Speaking to Peter Hamby of the Snapchat political show Good Luck America, which will air on Wednesday morning at 6am, Mr Obama said that people who use the slogan “defund the police” could make it harder to implement police reform.

“You lost a big audience the minute you say it, which makes it a lot less likely that you're actually going to get the changes you want done,” the former president said according to a preview of the interview obtained by Axios.

“The key is deciding, do you want to actually get something done, or do you want to feel good among the people you already agree with?” Mr Obama added.

The former president is not the first high-profile Democratic figure to criticise the term, as House majority whip James Clyburn told NBC News’ Meet the Press last month that he thinks the message hurt candidates’ vote share on 3 November’s election. There is currently no evidence to support this claim.

The message became widely used during the summer, following the death of unarmed Black man George Floyd while in the custody of Minneapolis police officers.

Floyd’s death sparked calls to “defund the police” across the US, with protesters urging local government to reallocate funds for police departments to social services for minority communities, according to The Hill.

In a separate interview with CNN analyst April Ryan on Tuesday, to promote his new memoir A Promised Land, Mr Obama spoke about the arrest of Harvard professor Henry Louis Gates Jr, while discussing race in America.

Mr Gates Jr, 70, an African American man, was arrested in 2009 after one of his neighbours called the police when the professor struggled to get into his house, claiming that they thought it was a break-in.

Despite the police officer, sergeant James Crowley, acknowledging that Mr Gates Jr showed identification that proved he lived at the address, the professor was still arrested for “disorderly conduct” after he reacted angrily to being questioned inside his own home.

During the exchange, Mr Crowley reportedly asked him to step outside, causing Mr Gates Jr to reply: “Why, because I'm a Black man in America?”

Mr Obama spoke about the incident with Ms Ryan on Tuesday, saying: “I commented during a press conference … about the fact that ‘well you know I think the Cambridge police probably acted stupidly in arresting somebody in their own home, a 60-year-old man that posed no threat.’

“And this became a big controversy.” He continued: “Just the fact that I was seen as questioning the police … really upset a bunch of folks and I think it indicated the degree to which the issue of police relations with minority communities, and the Black community in particular, is always a hot topic.”

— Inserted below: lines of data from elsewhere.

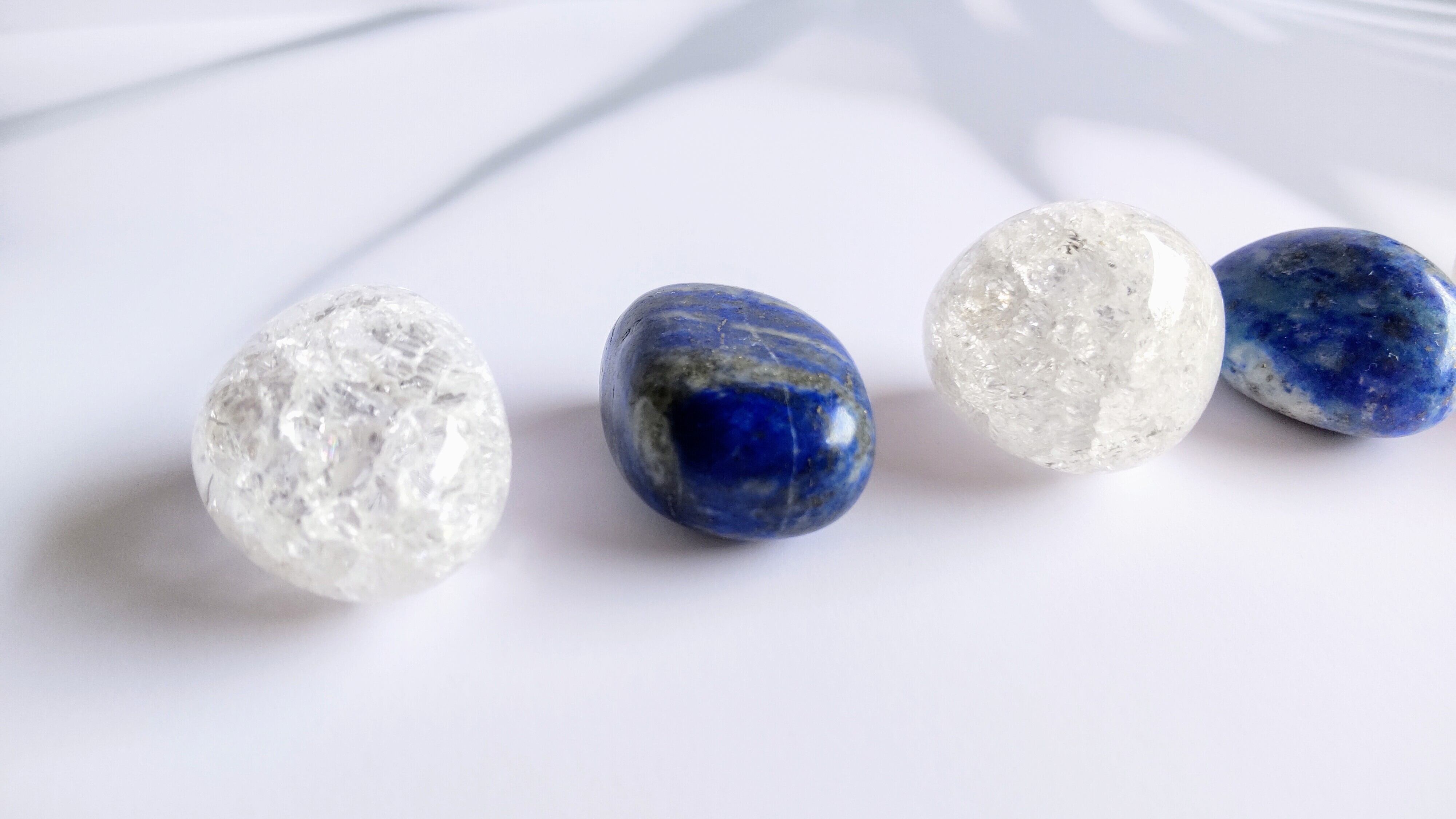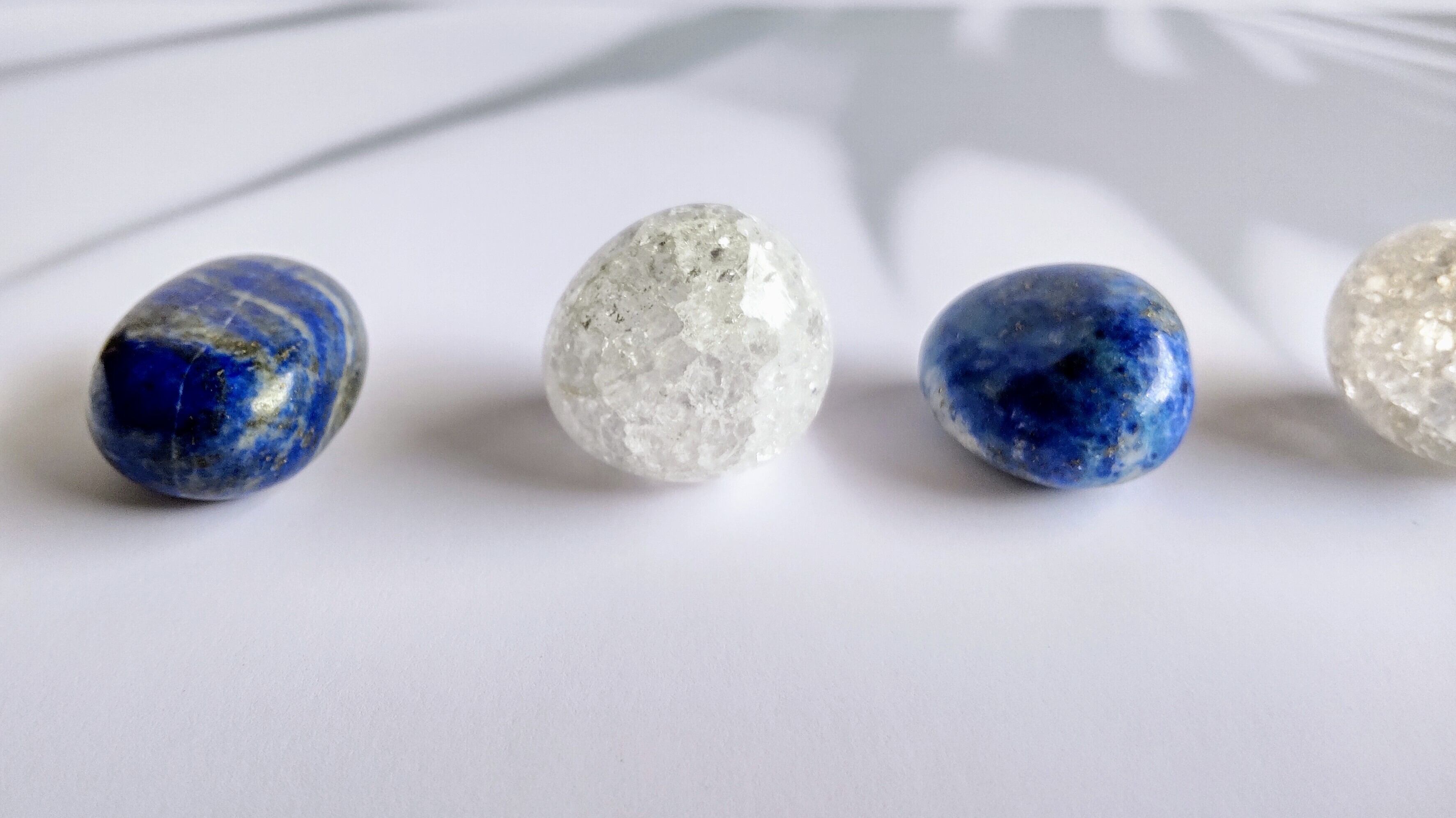 不要な観念を取り払い、直感力を高めるラピスラズリ(3個)とクラックが沢山入ってずっと眺めていられる神秘さと面白さをもった店主お気に入りのクラック水晶(3個)のセットです。
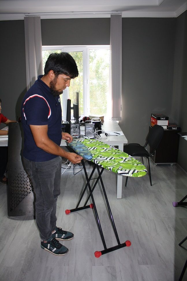 Бирок биз бул көйгөйгө көп көңүл бурбастан, чийки затты Кыргызстандын ичинен тапканга аракет кылуудабыз. Мисалы, үтүктөөчү тактайдын тетиктерине керектелүүчү пластиктерди тиричиликте колдонулуп, таштандыга кетүүчү бөтөлкө сыяктуу буюмдарды сатып алып, аны иштеп чыгып, калыпка салып өндүрүшкө колдонуудабыз. Бир эле мисал, биздин цехтеги бир адамдан 1 айда 1000 долларлык пластик буюм чыгат экен. Ал эми цехтен чыккан картон болсо, цехтин чыгымдарын, ашпозчу, жыйноочу жумушчулардын айлык акыларын жаап кетет.
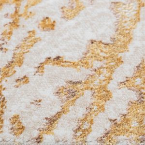 Con su diseño de vetas en tonos dorados, este tapete añade un toque de elegancia a cualquier habitación. Su textura suave te brindará confort a cada paso, convirtiendo tu hogar en un refugio acogedor.
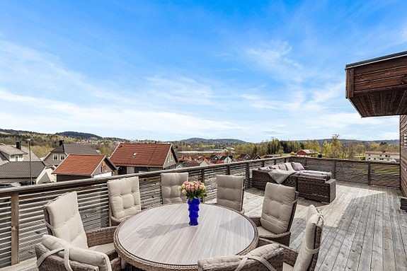 Her får du en en innholdsrik familiebolig i et hyggelig og nyere etablert boligområde med barnefamilier. Boligen holder gjennomgående god standard og har en meget god intern beliggenhet på enden, med hage og isolert sportsbod under carporten. Stor solrik takterrasse med utsyn. Kort vei til dagligvarebutikk, barnehager, barneskole, bademuligheter og marka. E-18 med påkjøring i retning Oslo.
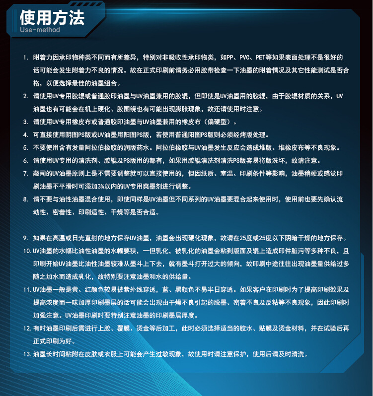 8、請不要與油性油墨混合使用,即使同樣是UV油墨但不同系列的UV油墨要混合起來使用時,使用前也要先確認流動性、密著性、印刷適性、干燥等是否合適。
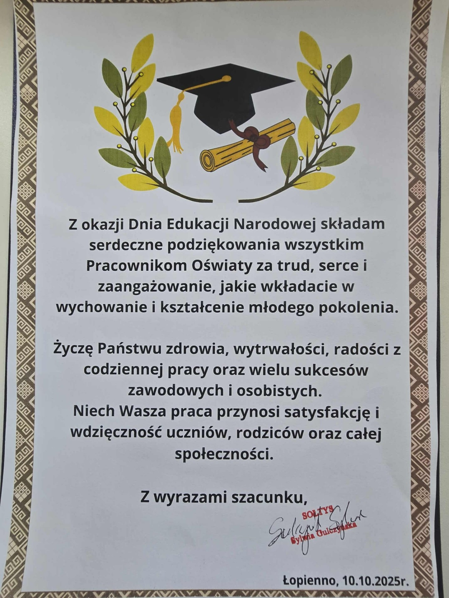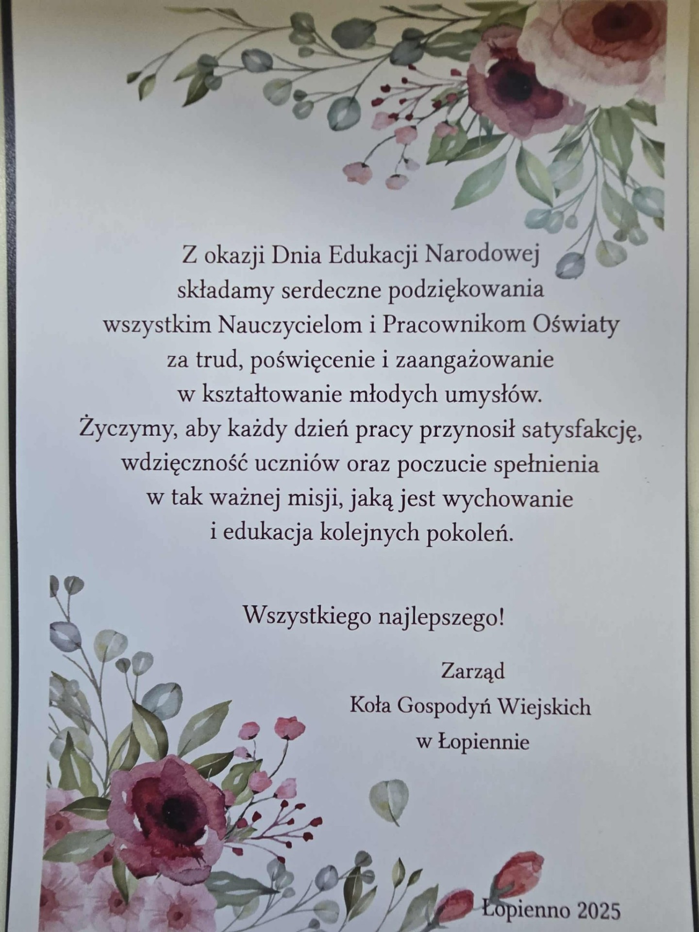 Dzień Edukacji Narodowej obchodzimy zawsze uroczyście. Wszystkim gościom serdecznie dziękujemy za przybycie na szkolną akademię. Dziękujemy Pani S. Gulczyńskiej Sołtys Łopienna oraz Zarządowi KGW w Łopiennie - za pamięć i piękne laurki wyrażające ciepłe słowa
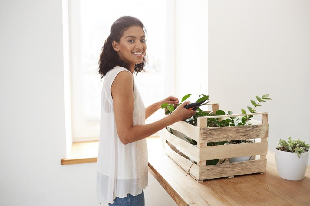 Nachfüllkonzepte und DIY-Rezepte senken Kosten. Gleichzeitig bleiben Oberflächen länger schön, weil du materialgerecht reinigst. Dokumentiere Ersparnisse und Erfolge in einem einfachen Monatsprotokoll und berichte in den Kommentaren.

Mr Obama added: “It is something that unearths or escalates fears within the white population that somehow the African American community is going to get out of control in some way or is not respecting authority.”

The former president then told Ms Ryan that the Black community is looking for “good and fair policing,” but warned that President-elect Joe Biden will not be able fix racial tensions in the US during his time in office.

However, Mr Obama added that Mr Biden will “set a tone of inclusion” and “send a message that racism is not acceptable”.